Варя рассмеялась беззаботно, легко. Она долго не могла хандрить. Ей было необыкновенно интересно жить, и любопытство гасило тоску и обиду…
— Иди ко мне, девочка, у меня диван широкий… — Так Анюта взяла Варю в «сестры».
Вечерний чай. Они любили собираться всей семьей. Каждый рассказывал, как прошел день. Варя стала «своей». Притащила три колорийные булочки. Она не умела приходить без подарков. Чаще всего рассказывала о матери. Иногда с восхищением, чаще с обидой.
— Мать осталась без родителей в деревне во время войны с тремя сестрами. Всех подняла, дала образование, а теперь из-за копейки удавится. А получает побольше вашего.
Марина Владимировна пыталась положить ей вторую порцию салата. Отказалась из гордости: «Не хочу вас объедать».
На круглом маленьком лице Вари веселые узкие черные глаза поблескивали, она смеялась, но не высмеивала. Анюта обожала Варю, считая ее вернейшим другом: и с мытьем посуды поможет, и свистит лучше мальчишки.
— Вот хотела купить у Ланщикова джинсы, мать обещала деньги, но велела принести домой, померить, а он мне: «Ни фига без бабок!»

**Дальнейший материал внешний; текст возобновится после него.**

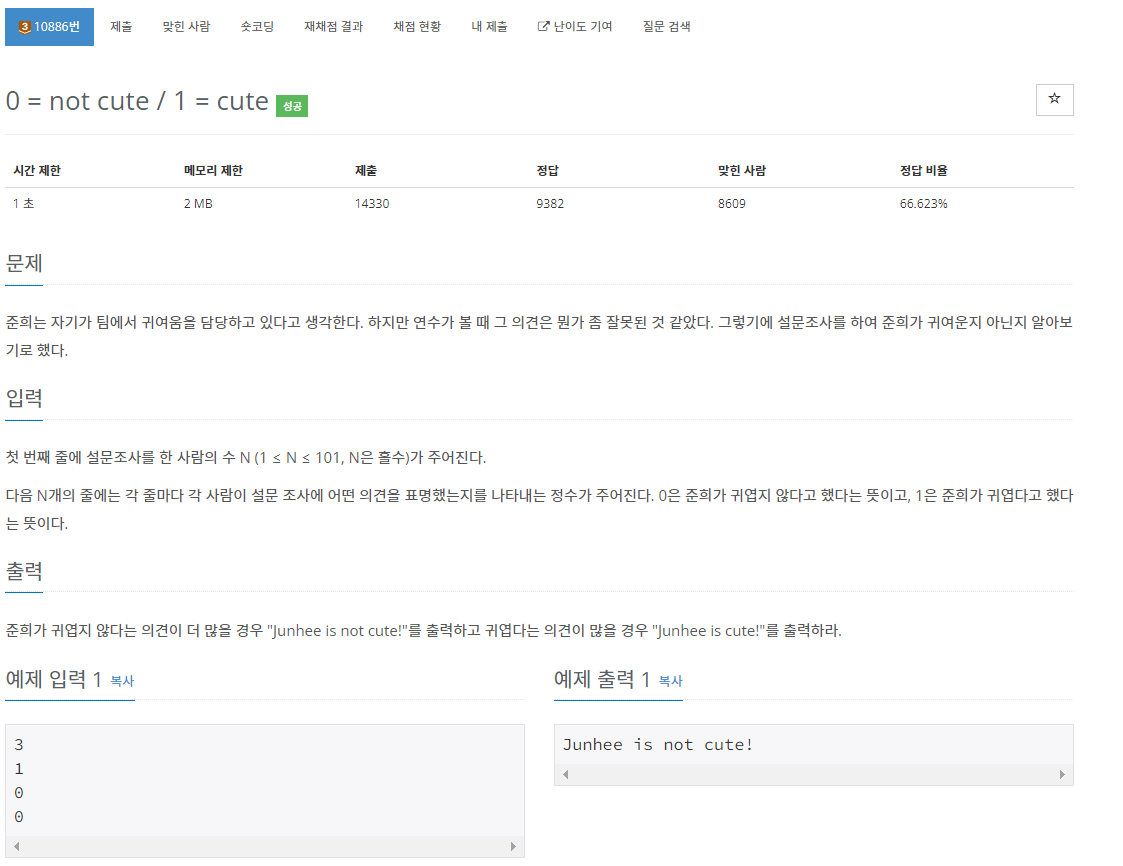 백준 10886번 0 = not cute / 1 = cute는 브론즈 3 난이도의 수학 문제이다. 이 문제에서는 우선 설문 조사를 한 사람의 수 n이 주어지고 그리고 n명이 준희에 대한 의견들이 주어진다. 1이면 준희가 귀엽다고 했다는 것이고 0이면 준희가 귀엽지 않다고 했다는 것이다.
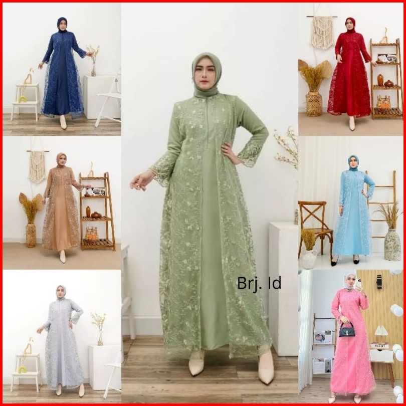 Gamis Hena Busui Brokat Mutiara Tile Bordir Size M L Xl Xxl Jumbo Gamis Pesta Terbaru
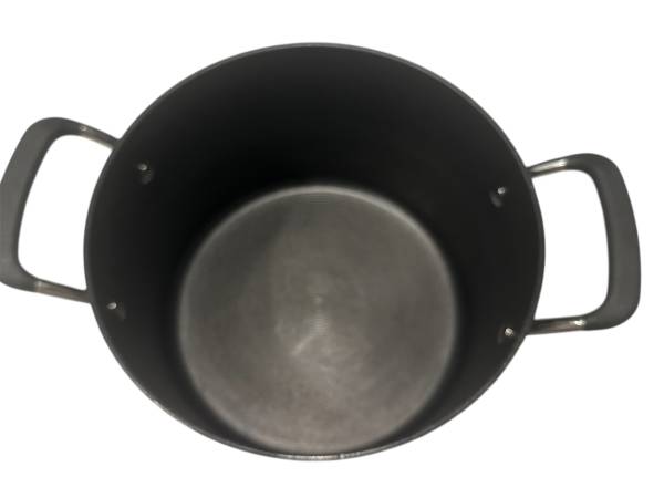 Excellent pre-owned condition. Includes glass lid, and is oven and dishwasher safe. Silicon handles allow you to lift it off the stove without an oven mitt. Sheri's Consignments
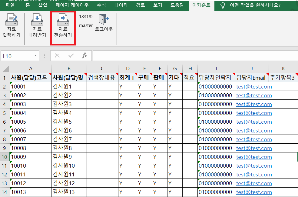아래와 같이 사원(담당)등록 서식에 각 항목에 맞게 더존에서 내려받은 엑셀자료를 정제하여 입력합니다. 입력이 완료되면 자료전송하기 클릭하여 그대로 이카운트프로그램에 업로드합니다.
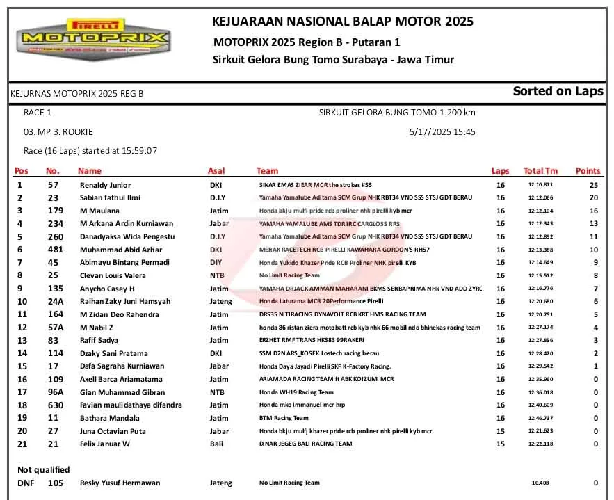 Pada kelas MP3 ini Reynaldi sendiri sempat mengalami masalah saat QTT. Ia hanya berada di posisi kelima. Namun saat race 1 berlangsung ia bisa melahap satu persatu lawan hingga finis terdepan.
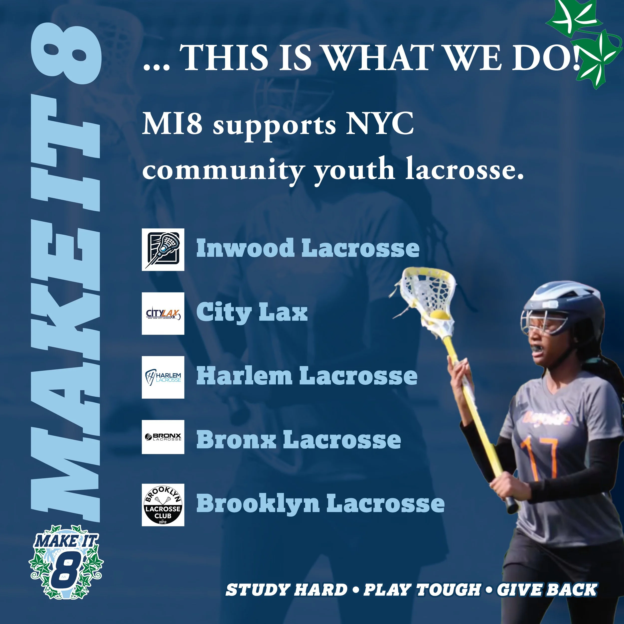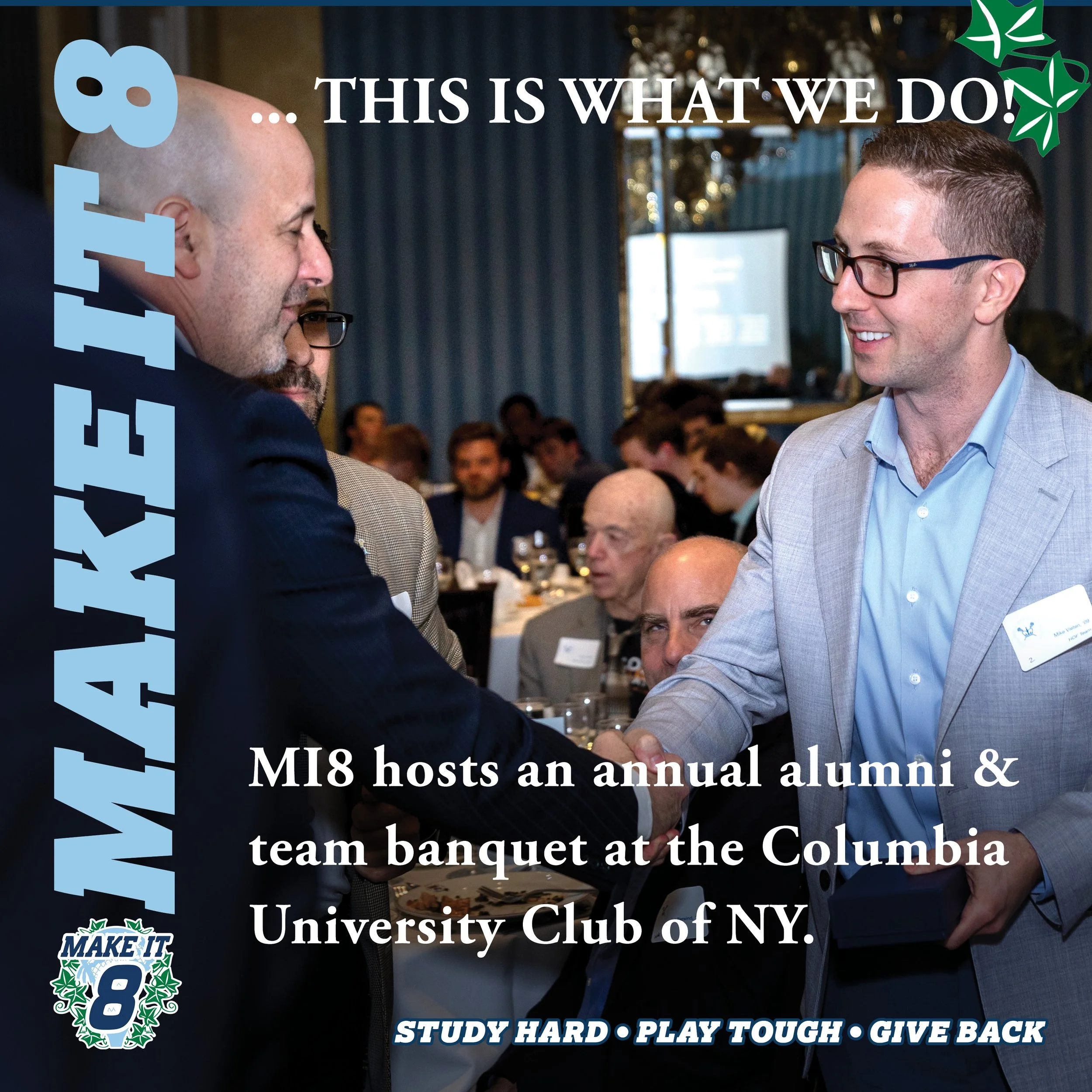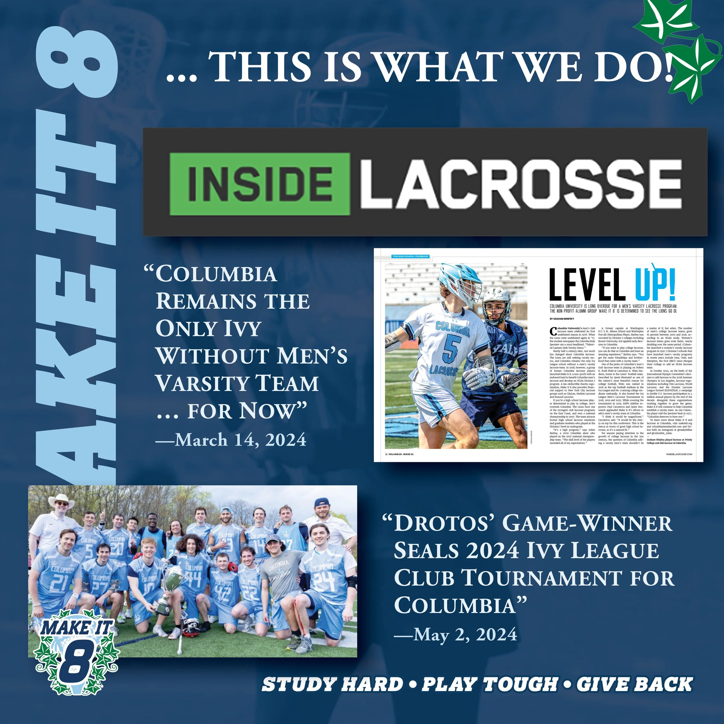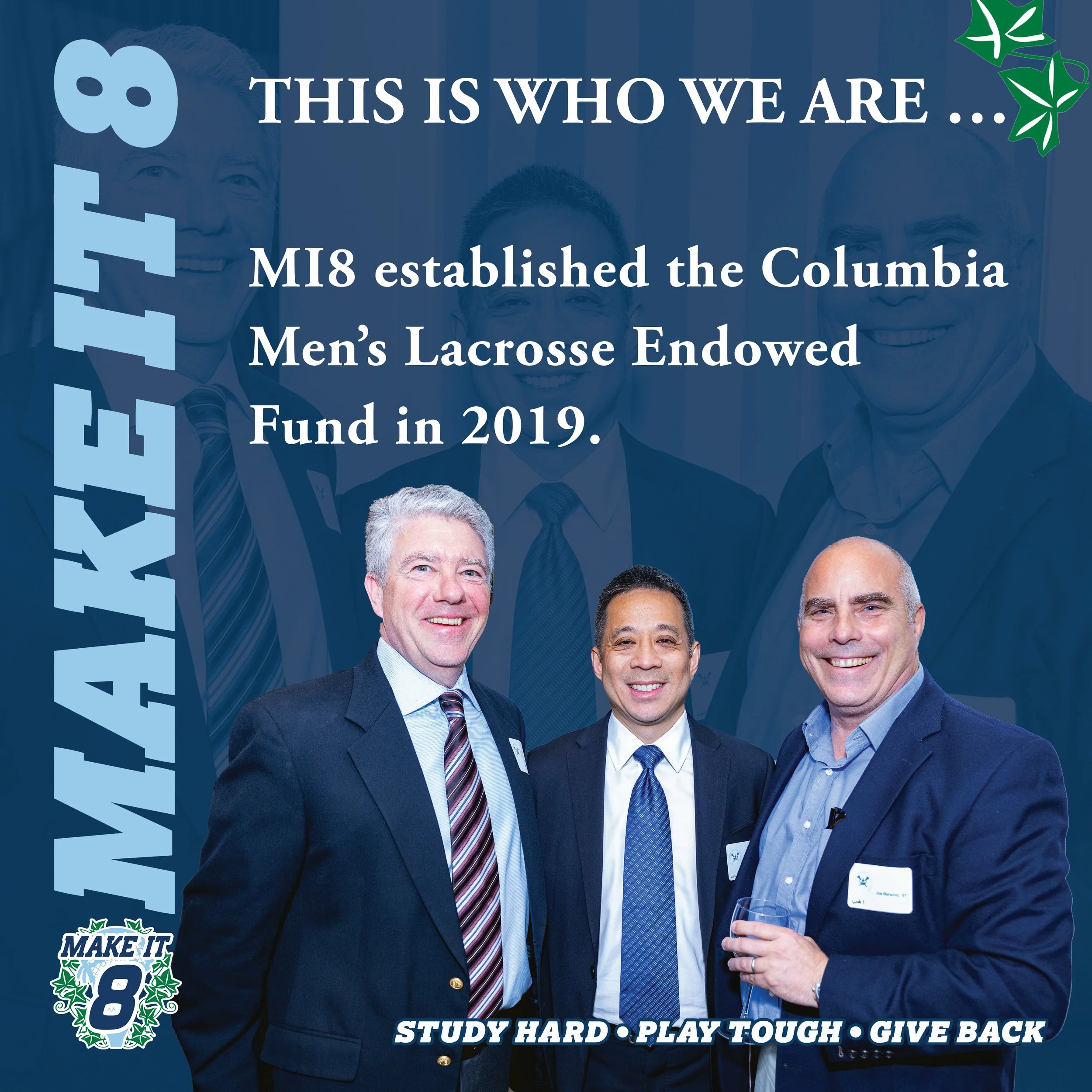 Founded in 2018, Make It 8 is an assembled group of Columbia Men’s Lacrosse Club alumni who want to cultivate interest and support for the Columbia Men’s Lacrosse Club, and to develop it into an Ivy League varsity team.
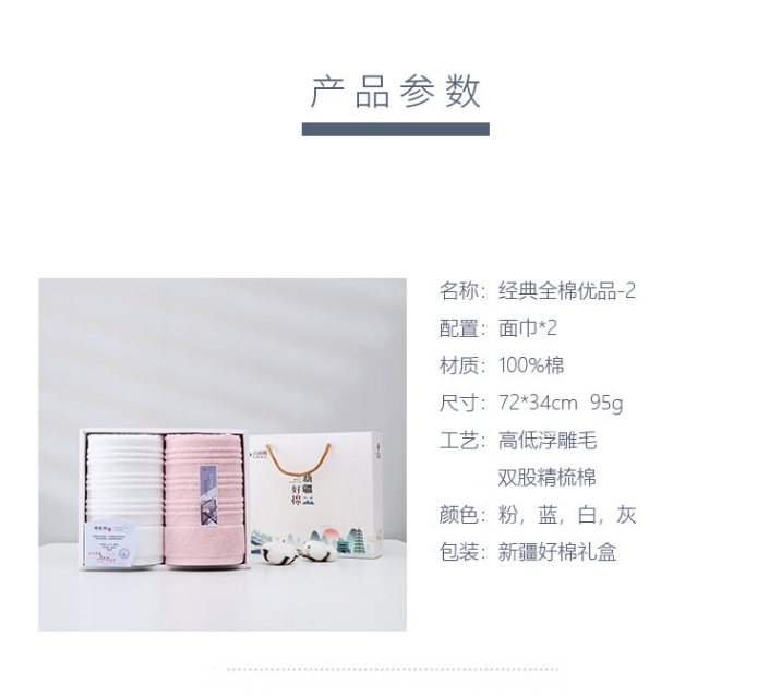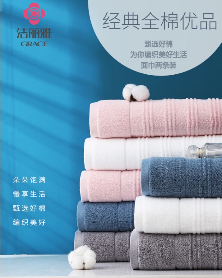 商品名称:洁丽雅 经典全棉优品-2 72*34cm 95g 面巾*2条 (颜色混发)
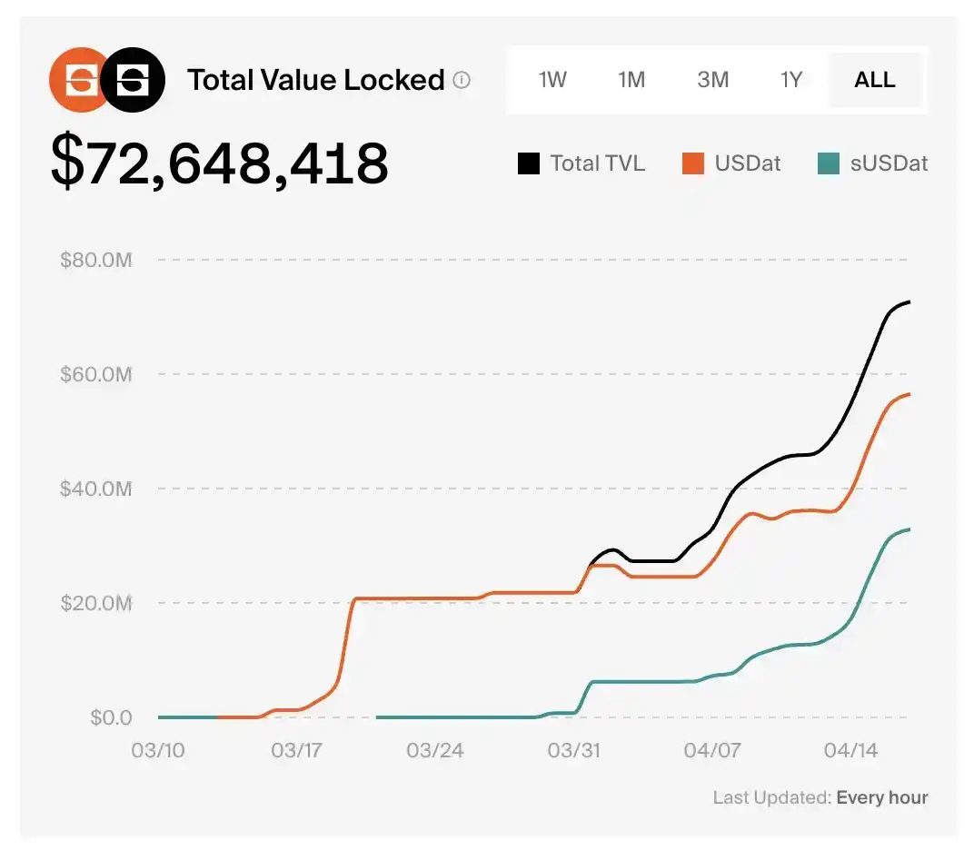 Saturn Credit's sUSDat is a staked, yield-bearing stablecoin that承接 STRC's yield. The protocol's TVL surged from zero to $72.6 million in just over a month.

— Неужели никому не верит?
Варя усмехнулась.
Маленькая головка с лакированной челкой, черный тонкий хвост волос, на этот раз стянутый шнурком от ботинок, искрящиеся глаза, большой яркий рот. Красивая и некрасивая. Когда оживлена, привлекает внимание всех, мрачнеет — пустое лицо.
— Моя мать деньги только близким одолжит, под расписку, а сама у отца все отбирает.
Голос легкий, равнодушный, точно не о родителях. А ведь мать о ней заботилась, на джинсы деньги давала…
— Ну, она деньги на меня тратит, чтоб люди не осудили, хочет, чтоб все было, как у дочки полковника, с которым отец служит…
Заботу матери она воспринимала как должное, с некоторой даже иронией, а помогать по дому не хотела, не любила принуждения.
Марина Владимировна впервые приехала домой к Варе. У нее грипп. Квартира сверкала чистотой, хрусталем, полированной мебелью, цветным кафелем. Мать Вари, несмотря на полноту, двигалась легко, точно воздушный шарик, тугие щеки багровели, седина не старила.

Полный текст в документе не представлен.